Is 10 10 10 Good for Clover?

A 10 10 10 fertilizer is a balanced option, providing equal amounts of nitrogen, phosphorus, and potassium. This could be a good option for new clover plots or areas where the soil lacks essential nutrients. However, be careful not to over-fertilize, as too much fertilizer can harm your clover.

Is Nitrogen Fertilizer Good for Clover?

While clover can benefit from nitrogen in the soil, it doesn’t require high nitrogen fertilizers. Excess nitrogen can encourage the growth of grassy weeds and other competitive species, reducing your clover’s performance. 

The Best Clover Fertilizers on the Market

The best clover fertilizer for you depends on your soil type, climate, and clover variety. However, we’ve listed a few options that consistently get great reviews:

1. Miracle-Gro Water Soluble All Purpose Plant Food: This balanced, water-soluble fertilizer is easy to apply and works well with a wide variety of soils.

2. Triple 10 All Purpose Liquid Fertilizer: This liquid fertilizer offers a balanced NPK ratio, making it a versatile option for various garden plants, including clover.

3. Jobe’s Organics Bone Meal Fertilizer: An excellent organic choice, this product is rich in phosphorus and calcium, promoting strong roots and healthy growth.

Micro Clover Lawns

In recent years, microclover lawns have gained popularity for several reasons. A variant of white clover, micro clover, is a low-growing perennial that is perfect for creating friendly lawn alternatives. Given its low height, micro clover doesn’t require frequent mowing like traditional grass lawns. Its dense growth pattern also helps crowd out broadleaf and invasive grassy weeds, reducing the need for herbicide programs.

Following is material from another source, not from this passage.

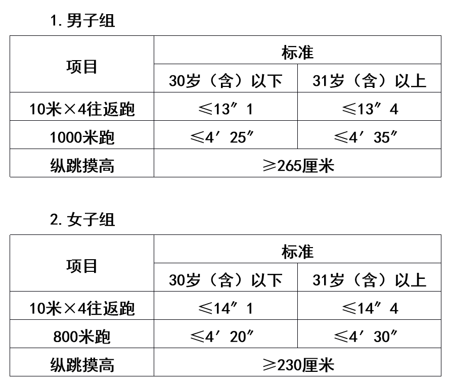 年齡計(jì)算時(shí)間截止到參加體能測(cè)評(píng)當(dāng)月。縱跳摸高項(xiàng)目的測(cè)評(píng)次數(shù)不超過3次,10米×4往返跑項(xiàng)目的測(cè)評(píng)次數(shù)不超過2次,男子1000米跑、女子800米跑項(xiàng)目的測(cè)評(píng)次數(shù)均為1次。

Micro clover is particularly beneficial in poor soil conditions, as its nitrogen fixation abilities can significantly improve soil quality. It is also more drought-resistant than typical grass, meaning it requires less water – a win for the environment and your water bill!

When it comes to fertilizing micro clover, it’s a good idea to follow the same basic principles as for other clover types. An early spring and late summer or early fall application is typically best. Be mindful of your soil pH and consider a soil test to get precise recommendations for your specific needs.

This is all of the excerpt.